Татьяна Вайзер

Поэзия, перетекающая в свет: Рецензия на сборник стихов Е. Завершневой «Над морем». - М.: Р. Элинина, 2009.



Истоки и корни поэзии Е. Завершневой уводят к Целану и Дилану Томасу, отчасти – к Мандельштаму. Именно поэтому мне хотелось бы поговорить об одном значимом для этих авторов сюжете, присущем и ее поэзии. А именно о том, как через поэтическое слово перед нами разворачиваются аффективные пласты материального, которые – слой за слоем – раскрывают нам – собственное, коллективное и ничье уже – подсознательное: опыт земли, опыт времени, опыт стихии.
Что, прежде всего, представляет собой человек, вписанный в такой контекст аффективного материального? Он есть память. Память о своем прошлом. Память о прошлом, которое он не застал. Память о прошлом, которого не случилось. Память о будущем, которое станет прошлым. Такой человек все время переживает движение вперед к началу, из которого прошлое еще только начинает разворачиваться: «поплыли/как новобрачные/к началу своей/истории». Происходит коллапс тектонических пластов человеческого сознания, в котором одно движение направлено назад в прошлое, а другое – из прошлого вперед. На этом столкновении и строится поэтический нарратив Е. Завершневой: человек обнаруживает себя одновременно в прошлом, стертым, вытесненным из него и снова вписанным в него как свидетель времени в принципе, в котором уже содержится и прошлое, и будущее, и настоящее: «впадина памяти/невозможность речи/идти ко дну/чтобы подняться над/раскопками будущего... глубина, на которой не остается воспоминаний».  
Но он, этот человек, помимо памяти, есть еще и тело. Тело не антропометрическое, узнаваемое, а бесформенное, не имеющее границ, множественное, разомкнутое на бесконечность пространства. Это может быть тело боли, тело травмы, тело смерти, тело любви, или тело неги, но оно всегда бестелес(н)о, текуче, перетекаемо и неизменно преображаемо в новую еще неизведанную форму корпорального: «растерзанные/по камням/в пыль/в боль/в свет/утопленные в земле/поднимаемся/взойдем/новой пшеницей/под солнцем/неспящих».
Телесное человека и материальное мира сливается и образует ту бесформенную аффективную материальность, о которой я говорила выше. И наиболее сильный эффект поэтического в стихах Е. Завершневой строится как раз на том, что деформация привычных жизненных форм и узнаваемых материй высвобождает заложенную в них энергию.

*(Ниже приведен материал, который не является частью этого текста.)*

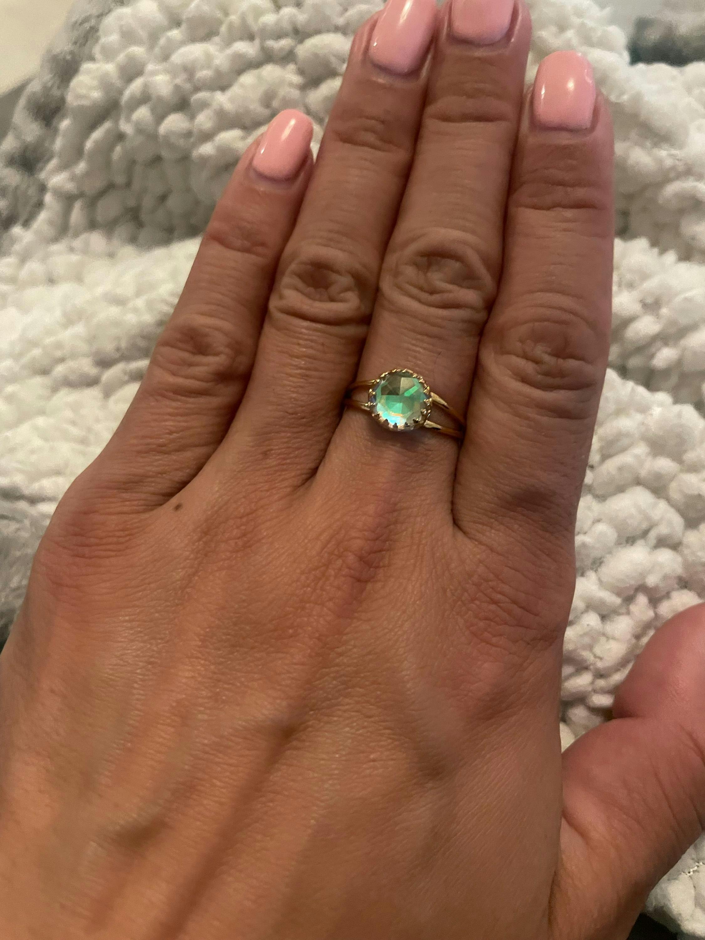 Very beautiful ring!! I love it!! The mystic fire topaz is such an unusual stone. Glad I ordered it, it is very comfortable on my finger. Thank you so much for such a lovely piece of jewelry!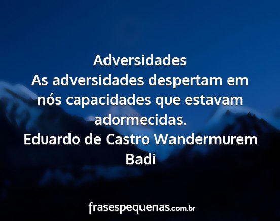 As adversidades despertam em nós capacidades que estavam adormecidas.Eduardo de Castro Wandermurem Badi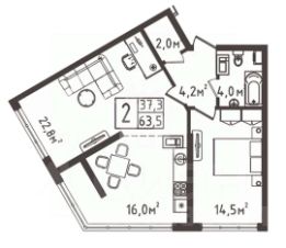 Общая площадь квартиры 64 кв.м. Дом сдан

Высвобождается свет, яркий свет, полусвет, светотень – мир прозрачных, насквозь просвеченных светом форм: «трассирующим солнцем/мы прошиты насквозь... солнце пластает нас/голубым ножом/солнце не дает войти/битое стекло солнца/в комнатх/где мы были счастливы». И вода, море, дождь, слезы, талый снег, потоки памяти. Весь предметный мир претерпевает здесь преображение водой и светом, причем одно от другого четко отделить нельзя. Мне вспоминается cерия работ современного французского фотографа и коллажиста Давида Ля Шапель под названием «Awakened» («Пробужденные»): люди погруженные в воду, пронизанную солнечными лучами в движении-невесомости ото дна наверх, к свету. Прием затопления мира водой как символом человеческого подсознательного был удачно использован и Фон Триером. В «Европе» он утопил поезд с пассажирами, показав, что сколько бы человек не пытался выбраться из травматического сознания Второй мировой войны в послевоенной Европе, его подсознание утоплено в этой глуби навсегда. В «Медее» он просто залил кинематографическое пространство водой: морской залив, болото, дождь, лужи, камера уходит под воду, вода плещется в объектив. Так все в Медее было залито страстью, которая в итоге переполнила ее и затопила все отравляющей местью окружающий мир.
В стихах Е. Завершневой жизнь раскрывается там, где, казалось бы, нет условий для жизни: в затопленной комнате города-корабля, в море, которое утратило границы между морем и сушей, «в породе пронизанной светом существ/в прожилках, где время бежало к виску». От мира остается прочный остов и невесомость. Все остальное -  движение воды и света и их взаимопереливание друг в друга.
В одном из наиболее сильных, на мой взгляд, стихотворений о смерти «Орфей в царстве мертвых» катастрофа, иссякание жизни показано через отсутствие воды: «руины имен/открытые рты фонтаны/известкового парка/безводные бассейны/обросшие накипью/из обломков рук/торчат железные пруты/даже испарина здесь/каменная». А в другом, «Как это было», газовые камеры описаны через метафору зловеще опрокинутого, растоптанного небытием солнца: «мы шли по трубам/светильный газ струился из глаз/солнце извивалось под землей/словно раздавленный червь/протуберанцы гнева/гасли в разреженном воздухе/Господи, нам нечем дышать... Сердце его солнце Тело светозарный вольфрам».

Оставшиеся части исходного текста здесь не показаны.